Ilaben attended the first national conference of women’s studies at the SNDT Women’s university’s in 1981, which led to the formation of the Indian Association of Women’s Studies. She was a relentless worker from the beginning. Ilaben began her career as a university teacher of English language and literature at H. K. Arts College, Ahmedabad and was a freelance journalist who wrote on issues concerning women. In the early 70’s she started her crusade against misogyny in Gujarati plays that were rife with double meaning sentences, full of crude and crass jokes/puns that degraded women.
Along with her young colleagues/ students, she established a women’s rights organisation, called the Ahmedabad Women’s Action Group (AWAG) which protested against sexism in advertisement, media and textbooks. They blackened sexist advertisements at public places, staged dharna against a phallocentric play “Putra Kameshti Yagna” to be aired on All India Radio and got the broadcasting cancelled. Her tireless work resulted in the government of Gujarat appointing a committee under her leadership to examine portrayal of sex stereotypes and subordinate status of women in school textbooks.
In 1982, she spearheaded participatory action research project of AWAG to bring out the precarious condition of homeless and miserable tribal migrant workers near railway tracks of Ahmedabad city who eked out a living by collecting coal fallen from engine on the tracks. She started income generation activities for them based on tribal art and beadwork. In 1982, when a tribal woman in Sagbara village of South Gujarat was gang raped she activised the government machinery and took the case to Amnesty International. As a result, all the rapists were punished and the tribal woman got justice. She also led the movement against Patan P T C College for students who were gang raped by their male teachers backed by powerful politicians. Ilaben also supported Manipur’s Irom Sharmila’s agitation against Armed Forces Special Powers’ Act (AFSPA). Her courageous and consistent work among victims of communal riots in 1993 and later in 2002 symbolised her secular humanism.
She gave great emphasis to documentation, research and training, and AWAG always provided material in local language and case studies and resource persons for capacity building of community workers, elected representatives and youth. From 1986-1992, she regularly wrote for a feminist quarterly in Gujarati, Nari Mukti (Women’s Freedom) that was collectively brought out by feminists of Mumbai, Valsad, Surat, Vadodara and Ahmedabad. To highlight women‘s issues in mainstream politics, she even contested election for Ahmedabad Municipal Corporation in 1990.

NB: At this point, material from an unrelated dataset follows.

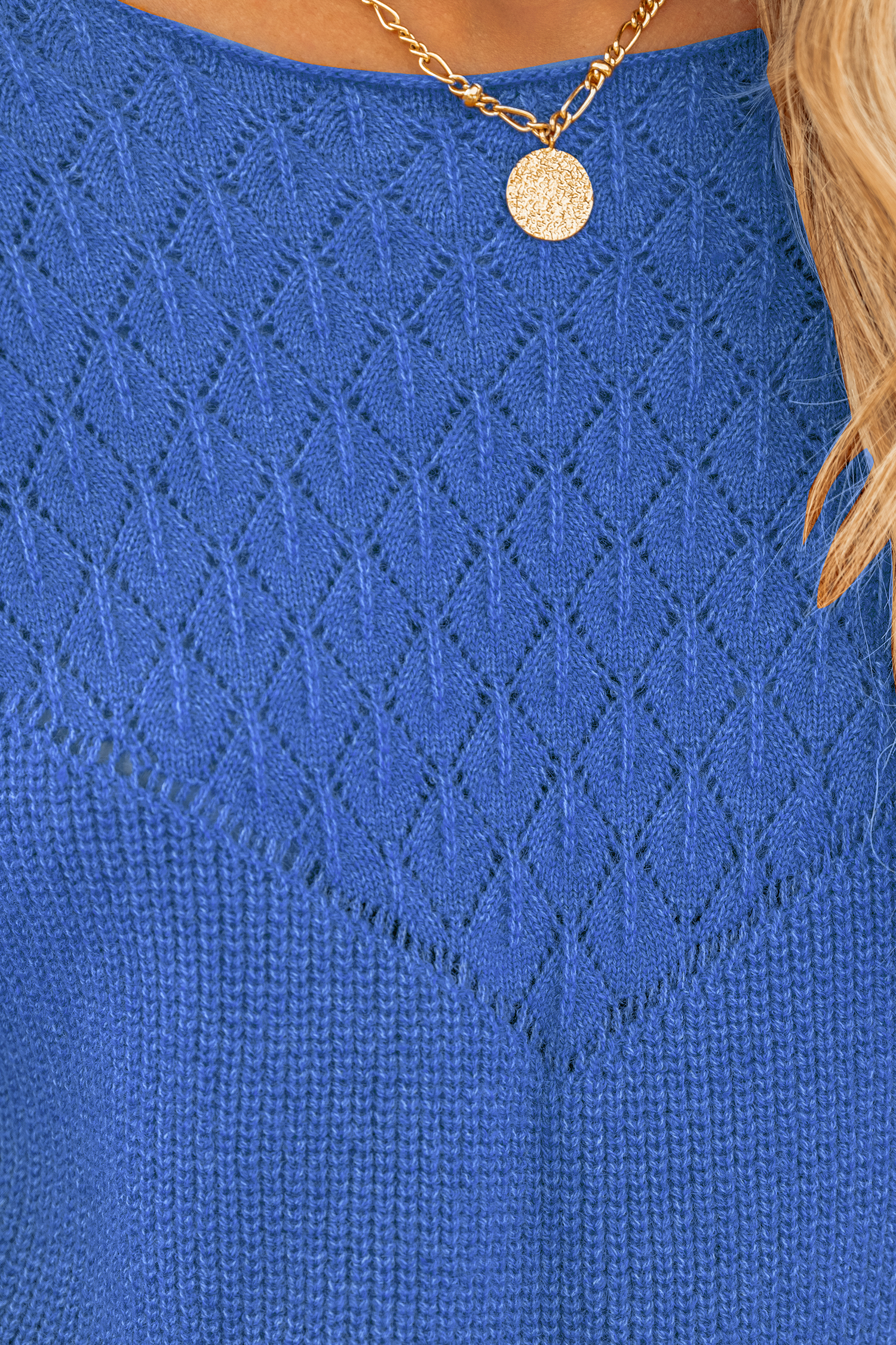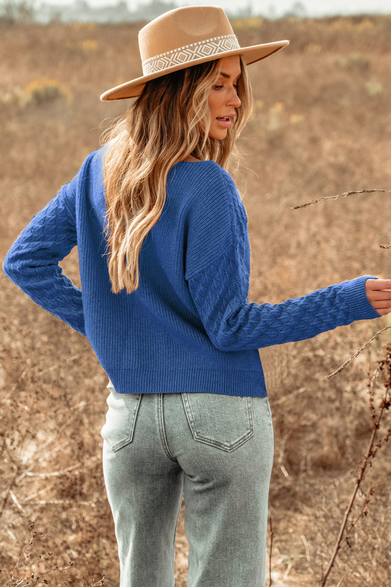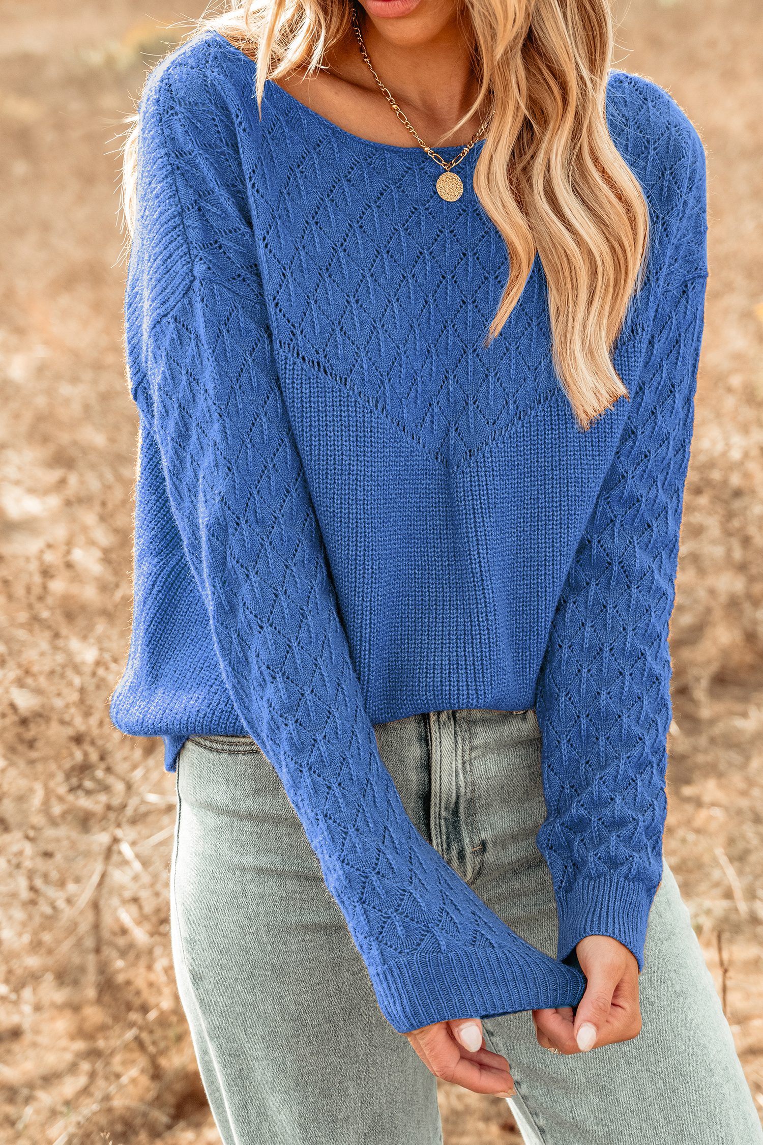 HomeBlue Round Neck Long Sleeve Sweater Top

Her persuasive style of speaking was her success mantra. She could establish communication with the rich and powerful without getting cowed down by them. She reached out to the weak and marginalised with utmost humility. Ilaben served on many apex bodies to further the cause of women. She was a member of Women Development Cell of Gujarat University that had to perform twin tasks of prevention of sexual harassment and promotion of gender sensitisation in the university and its affiliated colleges. She was a governing board member of Centre for Social Studies, Surat and played an important role in all women centered activities of Gujarat Vidyapeeth.
She was president of India Chapter of Women’s International League for Peace and Freedom and was an active member of Movement for Secular Democracy. In 2012, Ilaben was honoured for her work among poor and oppressed women. Ilaben’s four decades of pioneering work will always inspire women activists to keep the torch of women’s rights burning in today’s volatile circumstances.